Mashburn v. Mashburn, 353 Ga. App. 31, 32 (836 SE2d 131) (2019) (citations omitted).
Viewed in this light, the record shows that a final order of divorce was entered
in May 2022, which order included a parenting plan and child support addendum
(“2022 parenting plan”) regarding the parties’ two children born in 2014 (“the
daughter”) and 2016 (“the son”). The 2022 parenting plan indicated that the parties
had agreed thereto, and it provided for joint custody with a weekly exchange and each
party having one month of visitation in the summer. Regarding child support,
Begum’s presumptive amount was $467.50 and Uddin’s was $1,141.50 but a
nonspecific downward deviation was given to each party based on their agreement that
support not be exchanged, resulting in Uddin paying $475 per month to Begum.
Begum was responsible for 35 percent of uncovered medical expenses and Uddin 65
percent.
On May 22, 2023, Begum filed a counseled, omnibus petition for modification
of custody, of parenting time, and of child support, and motion for contempt Begum
alleged that Uddin was violating the 2022 parenting plan by using disparaging
2 language about her family, and he was frequently abusive toward the children. She
alleged that after entry of the 2022 parenting plan, Uddin committed acts of physical
and emotional child abuse, including locking the son in a dark closet for punishment,
grabbing the son by his neck and pushing him against a wall or sofa, and calling the
children disparaging or demeaning names with one specific instance occurring during
April 2023. Uddin answered and denied the allegations of the petition and requested
modification of custody and child support.
After filing the petition, Begum traveled to India to visit her ailing mother in
June 2023, and when she arrived home in early July, the children made an outcry to
her about physical abuse. Begum took the children to a hospital, where appropriate
evaluations were completed, resulting in Division of Family and Children Services
(“DFCS”) involvement. Based on this information, the court appointed a guardian
ad litem (“GAL”). Begum also sought and obtained a hearing for an ex parte
temporary protective order prior to Uddin’s first scheduled visitation with the
children that August.
Thereafter, the GAL recommended implementation of temporary supervised
visitation of Uddin’s custody, which she based in part on her review of the records,
3 reports from the parties, and text messages sent among the parties’ adult children,
who corroborated the children’s outcries of abuse. The parties filed a consent order,
limiting Uddin’s custody to specific times each week during the pendency of the
modification proceeding and requiring supervision of his visitation by either Uddin’s
adult daughters or Begum’s adult son. The amount of visitation was set to increase if
no additional instances of abuse occurred over a certain number of weeks. The parties
also agreed to therapy for the children with costs to be split 35/65 between Begum and
Uddin. Uddin agreed to undergo parenting and anger management classes, and the
order dissolved the temporary protective order.

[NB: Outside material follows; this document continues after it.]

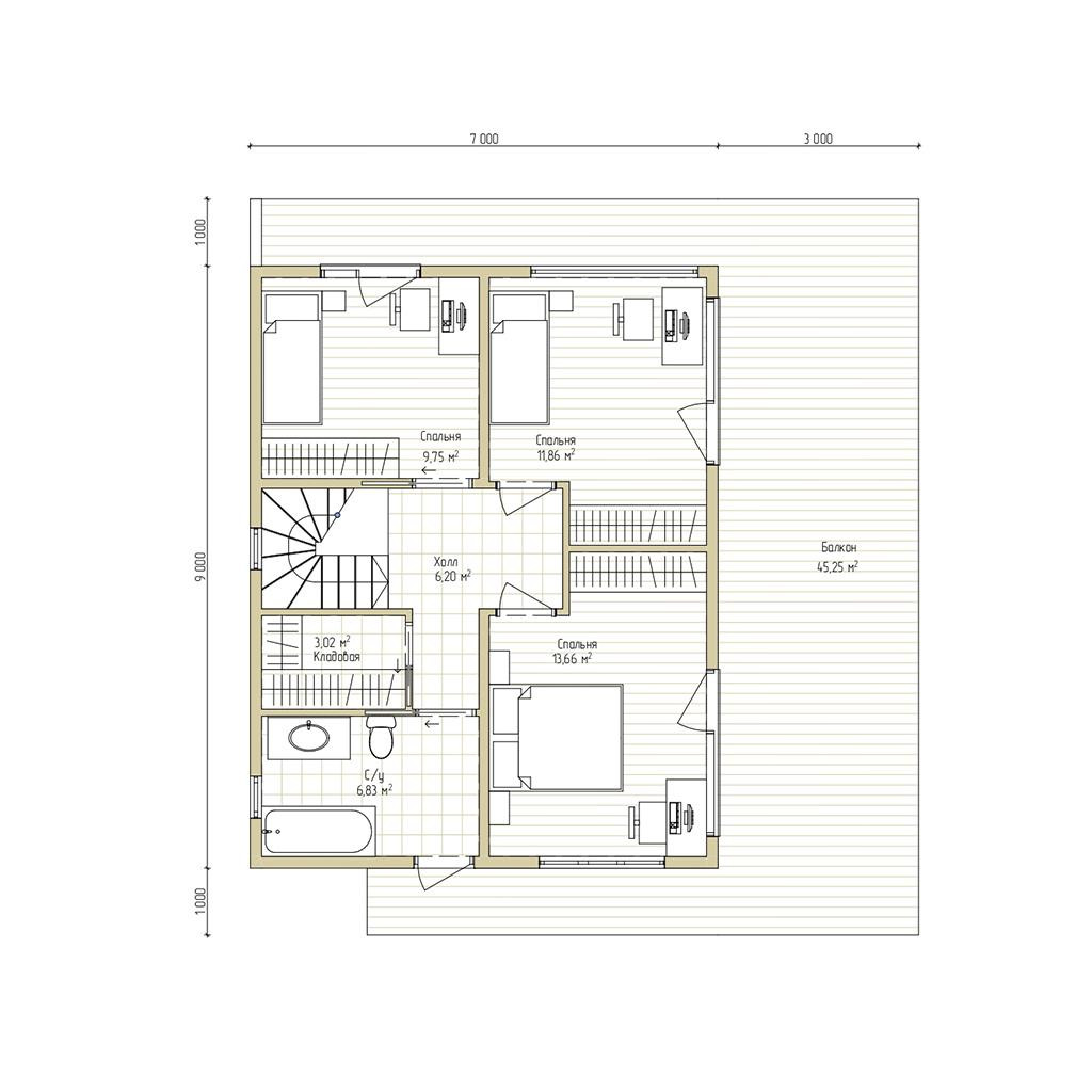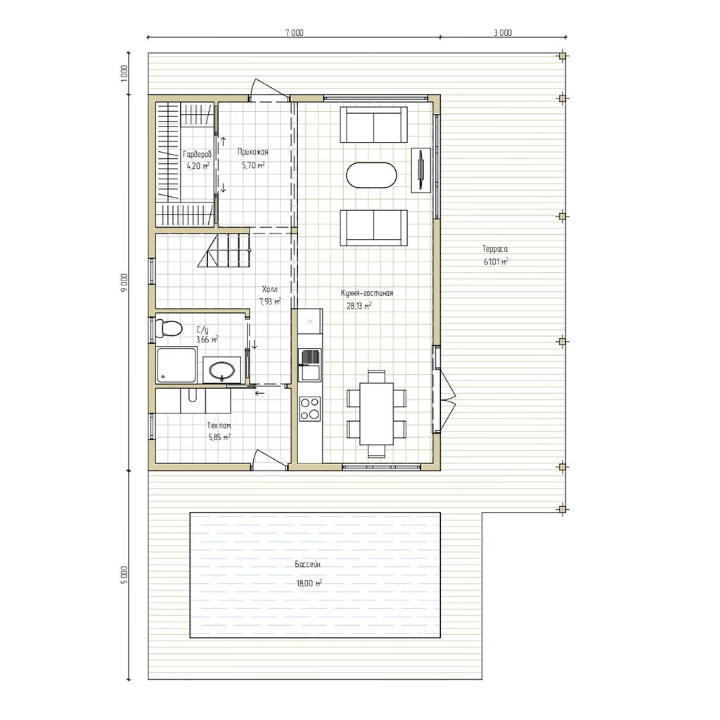 - Общая площадь: 105м2+терраса

In his answer and response, Uddin alleged that Begum (who worked as an aid
at the children’s private school) allowed children there to bully the son, but the GAL
investigated the allegation and found that no bullying was occurring. The parties also
filed domestic relations financial affidavits and child support worksheets, evincing
very disparate income levels. Finally, both parties moved for the other to pay their
attorney fees under OCGA §§ 19-9-3 and 19-6-15; Begum also moved under OCGA
§ 19-6-2.
4 At the May 2024 bench trial, each parent testified that the other was causing
problems with the co-parent relationship, subjecting the children to possible harm. A
few other witnesses testified, but the most notable was the GAL, who testified that she
reviewed the DFCS file and interviewed the children, the parents, and the adult
children of the parents, among others, to form her opinion and recommendations for
the situation. Based on her investigation and interviews, she concluded that Uddin
engaged in “egregious” and inappropriate physical discipline of the son, stating that
the father beats [the son] not out of anger, but rage. That is literally in those text messages by one of his [adult] daughters. And that’s — that’s where the egregiousness comes from, where I make that statement. And that [the son] is whipped, stuffed in a closet, ears pulled, slapped, like, more than three times at least.
The GAL also spoke to Uddin’s mother (the paternal grandmother), who
recommended that he not have long periods of custody with the children because he
would be likely to “hurt the children, and he has a lot of temper issues; that it’s
unfortunate that [Uddin’s] father abused [Uddin] as much as he did, but she can see
that happening again to these children. And a lot of it is endured [by the son] because
5 he is a boy.” While cross-examining the GAL, Uddin’s counsel implied that Begum
was fabricating or exaggerating any inappropriate discipline, but the GAL responded:
I think that is the way the father was disciplining [the son], by locking him in a closet, picking him up by the neck, throwing him or lifting him by his leg and throwing him. It’s just as if a kid were to say, oh, I’m being put in time out all the time or I’m being sent to my room. So I can’t tell you that — if it’s one incident or if this has been occurring. But the way the children make it sound, it’s more than one time.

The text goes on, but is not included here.